So far so good, but I fail to see why one should need to consider only these frequencies. Why not any other frequency between [itex]0[/itex] and [itex]\frac{1}{2T}[/itex]? So why not for example [itex]\nu_{1.5}=\frac{1.5}{NT}[/itex]?
 
  • #4
Wox said:
So far so good, but I fail to see why one should need to consider only these frequencies. Why not any other frequency between [itex]0[/itex] and [itex]\frac{1}{2T}[/itex]?

Because the signal values of any other frequency, at the ##NT## sampling points, can be represented exactly as a linear combination of the the Fourier basis functions.

The important point is when you sample a continuous signal, first you are only looking at a finite time-segment ##NT## of the signal, and the Fourier transform assumes the rest of the signal is periodic with period ##NT## (which "in real life" it would not be, for a signal with frequency ##\frac{1.5}{NT}##). And second, you are assuming the signal is bandwith limited to the Nyquist frequency.

Those two assumptions mean the sampled signal usually contains MUCH less "information" than the continuous signal before sampling. That's why the sampled signal can be represented exactly by the "small" amount of information in a finite number of Fourier coefficients.
 
  • #5
In general you will need at least N degrees of freedom to represent N data points (think of the example of fitting N data points with polynomials of degree N-1). Sines and cosines with frequencies 1, 2, ..., N/2 cycles per period are convenient because they are orthogonal to one another, so you know that N of them they are "enough" to represent arbitrary data at N points. On the other hand, if you have "too many" degrees of freedom (e.g., too many frequencies) then the fits are no longer unique.
 
  • #6
Thanks! Great answers!
 

Related to Fourier transform frequency resolution

1. What is Fourier transform frequency resolution?

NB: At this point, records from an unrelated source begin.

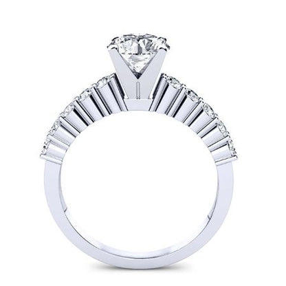 • Shared Prong Side Stones: A distinctive design element that enhances the ring's overall brilliance and creates a sense of continuity.
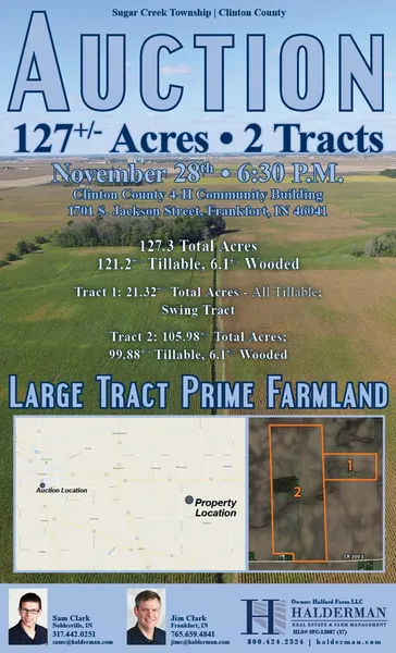 Legal Description: A part of the East of Section 22 containing 21.32 acres more or less and a part of the West of Section 22 containing 105.98 acres more or less, all in Township (Sugar Creek) 21 North, Range 2 East of Clinton County, Indiana, containing all together 127.3 acres more or less.
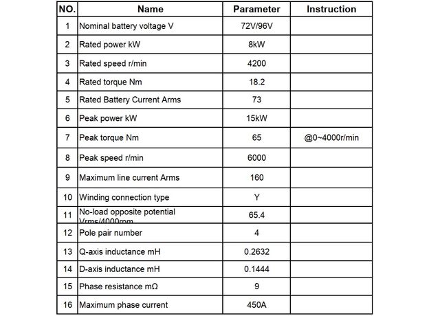 Двигатель среднего привода мощностью 8000 Вт и диаметром 228 мм, длиной 224 мм и весом 21,60 кг. Он оснащен сильным магнитом V 90H и имеет максимальную скорость до 160 км/ч и максимальный крутящий момент от 70 Нм до 112 Нм. Его класс водонепроницаемости IP67 гарантирует безопасную эксплуатацию в широком диапазоне условий.
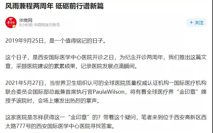 今日《華商報》A8版用整版的篇幅刊登了《風(fēng)雨兼程兩周年 砥礪前行譜新篇——西安國際醫(yī)學(xué)中心醫(yī)院提升醫(yī)療品質(zhì)紀(jì)實》。華商報以圖文并茂的形式記錄了醫(yī)院建設(shè)的點滴瞬間,全方位、多角度報道了醫(yī)院兩年來的發(fā)展碩果。

Fourier transform frequency resolution is a measure of the smallest frequency interval that can be detected or represented in a Fourier transform. It refers to the ability to distinguish between different frequencies in a signal or spectrum.

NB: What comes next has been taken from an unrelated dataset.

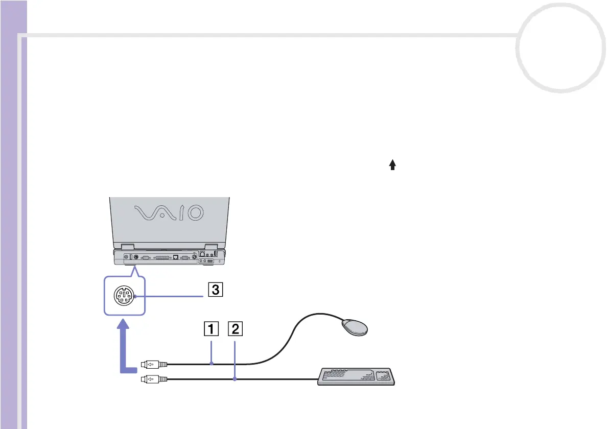 1 Plug the mouse cable (1) or the keyboard cable (2) with the symbol facing up into the PS/2 mouse/

2. How is Fourier transform frequency resolution calculated?

The frequency resolution of a Fourier transform is determined by the sampling rate, which is the rate at which data points are recorded in a signal. It is calculated by dividing the sampling rate by the number of data points in the signal.

3. What is the relationship between frequency resolution and signal length?

The frequency resolution is inversely proportional to the signal length. This means that as the signal length increases, the frequency resolution decreases. This is because a longer signal contains more data points, allowing for a finer distinction between frequencies.

4. Can the frequency resolution of a Fourier transform be improved?

Yes, the frequency resolution of a Fourier transform can be improved by increasing the sampling rate or the signal length. However, there are practical limits to how much the resolution can be improved without sacrificing other aspects of the analysis.

5. How does frequency resolution affect the accuracy of a Fourier transform?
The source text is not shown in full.